Ein Konflikt hat immer zwei Ebenen – eine Sach- und eine Beziehungsebene. Die Beziehungsebene wird oft schon bei der ersten Kommunikation über ein Thema gestört. „Schneiden Sie gefälligst die Äste ab, die machen nur Dreck auf unserem Grund!“ provoziert als Einstieg in das Thema schon Widerstand. Wenn dann noch die Drohung hinzukommt, bei Nichterfüllung einen Anwalt einzuschalten, ist der Konflikt ganz schnell eskaliert.
Welche Strategien werden angewendet, wenn ein Konflikt schon einen höheren Eskalationsgrad erreicht hat?
Bei einem höheren Eskalationsgrad ist der Start mit Einzelgesprächen sinnvoll, um den Ärger loszuwerden und eine Verhandlungsbereitschaft zu erzeugen.
„Sinnlos, mit dem zu reden“, werden Sie sicher schon vernommen haben. Hat hier Mediation überhauptnoch eine Chance?
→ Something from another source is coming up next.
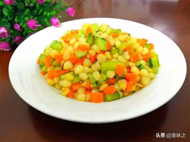 胡蘿蔔1根、黃瓜1根、玉米粒150g、油20g、鹽3g。
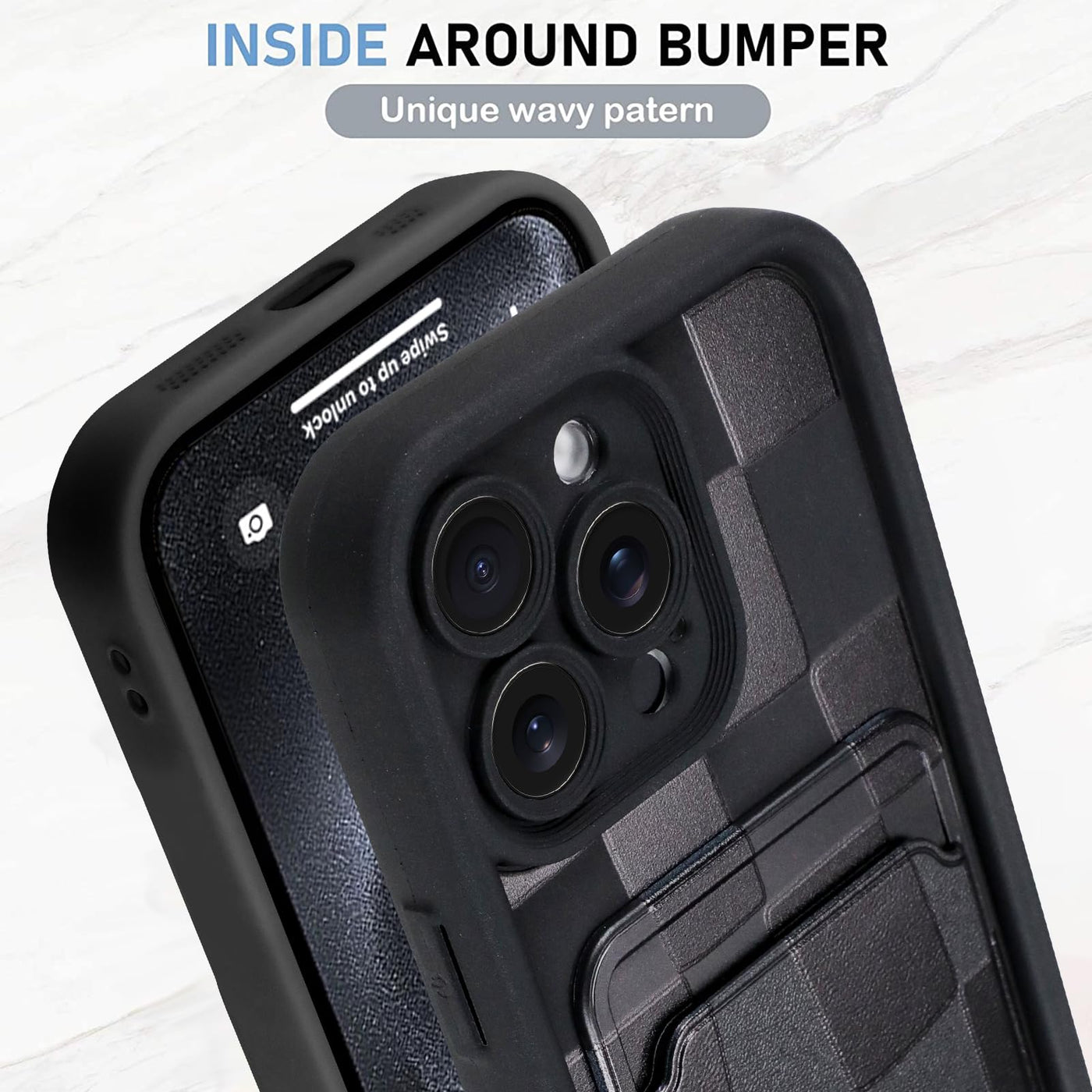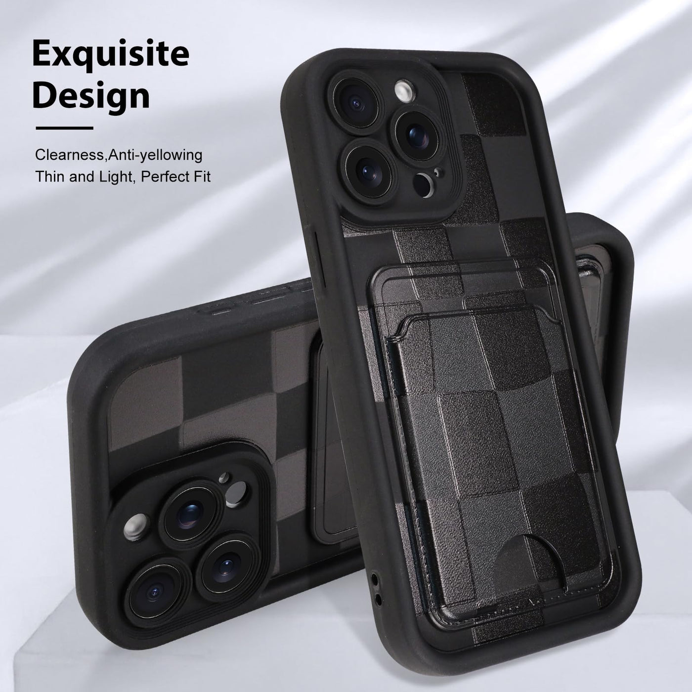 Kanghar Compatible With Iphone 15 Pro Max Case, Wallet Silicone Checkered Cute Pattern, Card Holder Camera Protection Soft Slim

Auf jeden Fall! Diese Aussage bezieht sich ja auf die Kommunikation zwischen den Nachbarn, ohne dass ein neutraler Dritter die Kommunikation in sinnvolle Bahnen lenkt.
„GEMEINSAM ENTWICKELTE LÖSUNGEN“
Kann Mediation Gerichtsverfahren ersetzen?
Eine Mediation kann ein Gerichtsverfahren vermeiden. Wenn es aber den Beteiligten darum geht, die Schuldfrage zu klären, geht das nur über das Gericht. Für die Klärung rechtlicher Aspekte werden auch während des Mediationsverfahrens Anwälte oder Notare hinzugezogen. In der Mediation selbst geht es um gemeinsam entwickelte Lösungen, die das Zusammenleben wieder möglich machen.